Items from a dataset
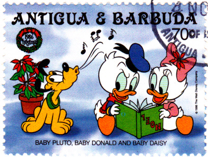 Pluto, Daisy Duck, Donald Duck (alle drei als Baby) singen auf der Marke zu Weihnachten 1986 aus Antigua und Barbados (MiNr 999) zusammen Weihnachtslieder.
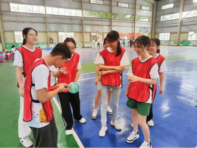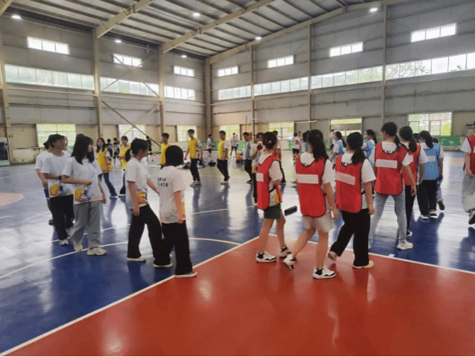 班会结束后,21级、22级“正保班”全体同学在西区篮球馆进行素质拓展活动。活动在自由分组中拉开序幕,全体同学共分为4组,自行设计队名。在简单介绍完活动规则后,分别进行了“万花筒”“默契运球”“歌名猜猜猜”等活动项目,同学们在热烈的活动氛围中相互激励与合作,促进了彼此的沟通和交流。
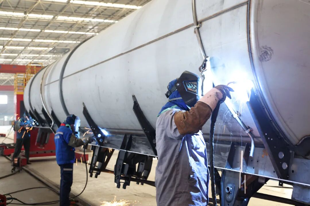 2月24日,位于鄒平市韓店鎮(zhèn)的山東三星機(jī)械制造有限公司生產(chǎn)車(chē)間內(nèi),工人們進(jìn)行焊接作業(yè)。
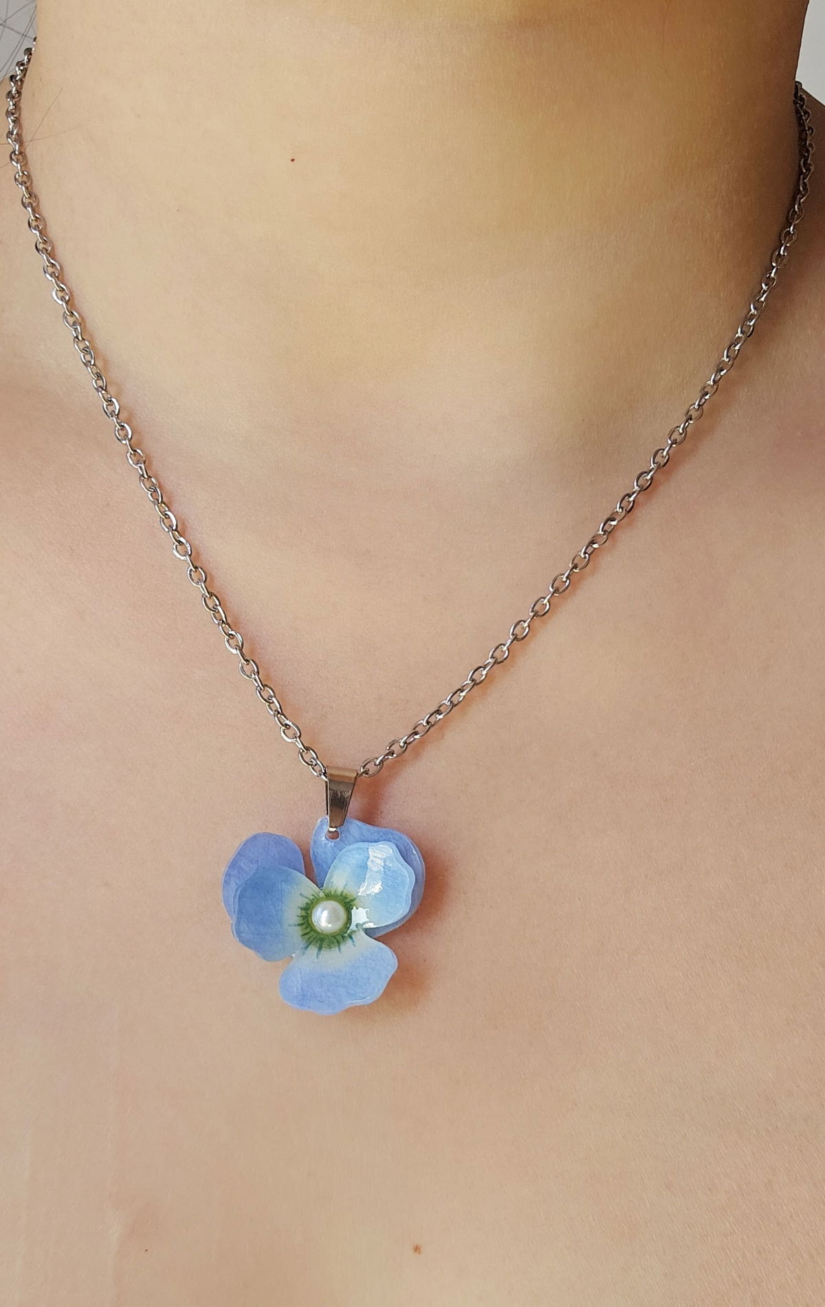 Collar de acero quirúrgico de 45 cm con dije de pensamiento hecho a mano
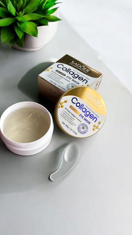Омолоджувальні патчі для повік Sadoer Collagen з 10-кратним вмістом колагену — це ефективний засіб для догляду за шкірою навколо очей. Активний колаген інтенсивно зміцнює і відновлює шкіру навколо очей, зменшуючи видимість зморщок і повертаючи пружність. Патчі мають мультиефект, забезпечуючи комплексний догляд за чутливою до вікових змін шкірою повік. Переваги гідрогелевих антивікових патчів Sadoer Collagen Anti-Aging Eye Mask: багатофункціональний ефект: зміцнюють і відновлюють шкіру; зміннішети нагорілки навколо очей; освітлюють темні кола під очима; живлять і зволожують тонку шкіру повік; згладжують зморшки, роблячи шкіру гладкішою та молодшою. Ідеально підходять для омолодження й догляду за шкірою навколо очей, роблять її свіжою та сяйливою.
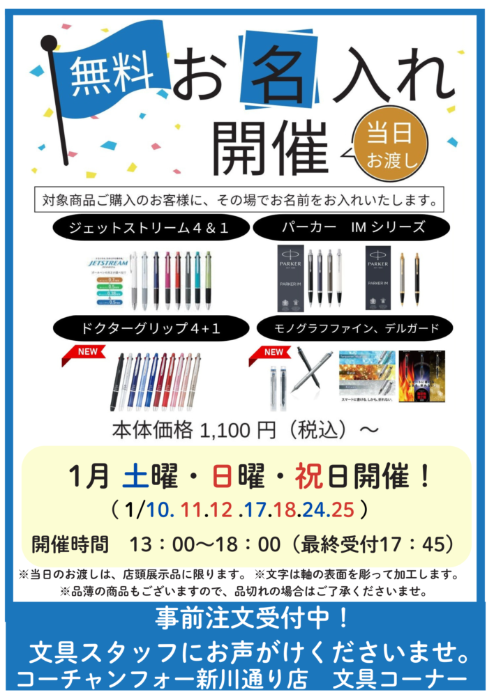 コーチャンフォー新川通り店にて、無料お名入れイベントを開催いたします!

WHAT TO DO:
The line containing "Омолоджувальні патчі для" and every line after it, up to the last line of the data, should be returned exactly, without the pictures.

EXERCISE OUTPUT:
Омолоджувальні патчі для повік Sadoer Collagen з 10-кратним вмістом колагену — це ефективний засіб для догляду за шкірою навколо очей. Активний колаген інтенсивно зміцнює і відновлює шкіру навколо очей, зменшуючи видимість зморщок і повертаючи пружність. Патчі мають мультиефект, забезпечуючи комплексний догляд за чутливою до вікових змін шкірою повік. Переваги гідрогелевих антивікових патчів Sadoer Collagen Anti-Aging Eye Mask: багатофункціональний ефект: зміцнюють і відновлюють шкіру; зміннішети нагорілки навколо очей; освітлюють темні кола під очима; живлять і зволожують тонку шкіру повік; згладжують зморшки, роблячи шкіру гладкішою та молодшою. Ідеально підходять для омолодження й догляду за шкірою навколо очей, роблять її свіжою та сяйливою.
 コーチャンフォー新川通り店にて、無料お名入れイベントを開催いたします!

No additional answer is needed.